I’m still a musician, maybe now more than ever, but in 2009 musician was my primary job title. I had spent years honing my craft, waiting for the day I’d be able to tour full time, and was finally starting to realize my goal.
I lived in bars, partied hard, and took any drink or drug I was handed. I had just been married in July of that year, and when my wife, Megan, became pregnant, I was both overjoyed and scared out of my wits. I knew I had a problem with substance abuse, but her pregnancy finally snapped me into the “acceptance” stage, where I admitted (first to her, later to everyone else in my life) that I not only had a problem, but also that I couldn’t manage on my own. I had tried to quit (smoking, drinking, drugging) cold turkey, only to realize that I couldn’t last more than a couple days without some kind of crutch.
I quit the bar circuit during this time, but when Megan was diagnosed with cancer six months after the birth of our daughter, I went into a tailspin. It was stage IV tongue cancer, and the thought of losing her at a time while I was completely unable to stand on my own scared the living shit out of me. I knew I was incapable of raising my daughter at the time, and couldn’t stand the thought of her being with anyone else besides her mom and dad (as an adopted child myself, I’ve always struggled with abandonment issues).

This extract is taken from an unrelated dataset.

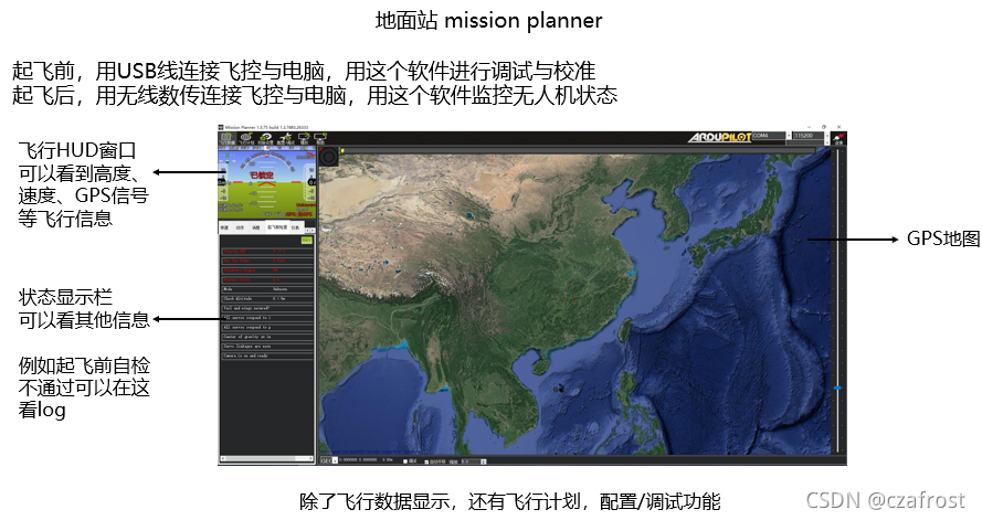 地面站是地面端用来显示飞控传回的数据的软件,起飞前可以对飞机进行调试,起飞后可以监控飞机的状态,还具有制定航线等功能。飞控和地面站的连接方式有两种,有线/无线。其中有线连接就是拿micro usb线接上飞控,另一头usb接到电脑,在第一次做调试的时候只能这样连接。而无线连接就需要依靠数传电台,起飞以后通过无线数传将飞控数据传到地面设备。

In AA (alcoholics anonymous), they call what I did for the next couple years “white knuckling”, that is, to try to stay sober by sheer force of will. I can assure anyone out there that it doesn’t work. Megan went through heavy chemo and radiation, she’s now in remission, and I did a poor job of trying to support her while healing myself.
I read everything available about cancer, and addictions, attempting to glean some insight into why we were both affected the way we were, and what we could do not only to heal as individuals, but to help anyone else suffering from the same issues.

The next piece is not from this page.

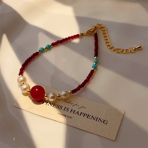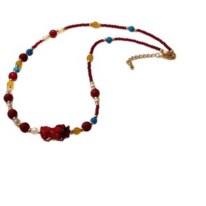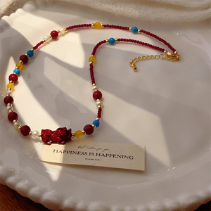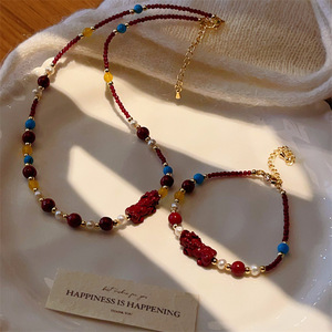 原创设计进财貔貅石榴石淡水珍珠颈链手链套装秋冬新款可延长饰品

On the cancer side, I was shocked to see how much money was spent on duplicate research and administration, while the survival rates for cancer hadn’t improved in 50 years (and in fact had gone down for some cancers). It especially bothered me to see that the current cancer treatments – slash, burn, and poison – are about as barbaric as we would have expected to see in the middle ages. I though “why has all this research not found a better method?”.
For addictions, I was crushed with the realization that there was so little funding and such a stigma attached to the issue, that when I tried to get into detox on three separate occasions, I was told the beds were full, and once I was sober for a couple weeks, that detox wasn’t the place for me. Rehab is even harder to get into here (in Saskatchewan). If you’re not willing to pay for private detox ($13000 for one month), you’re on a six week wait list. People die in six weeks. I gave up.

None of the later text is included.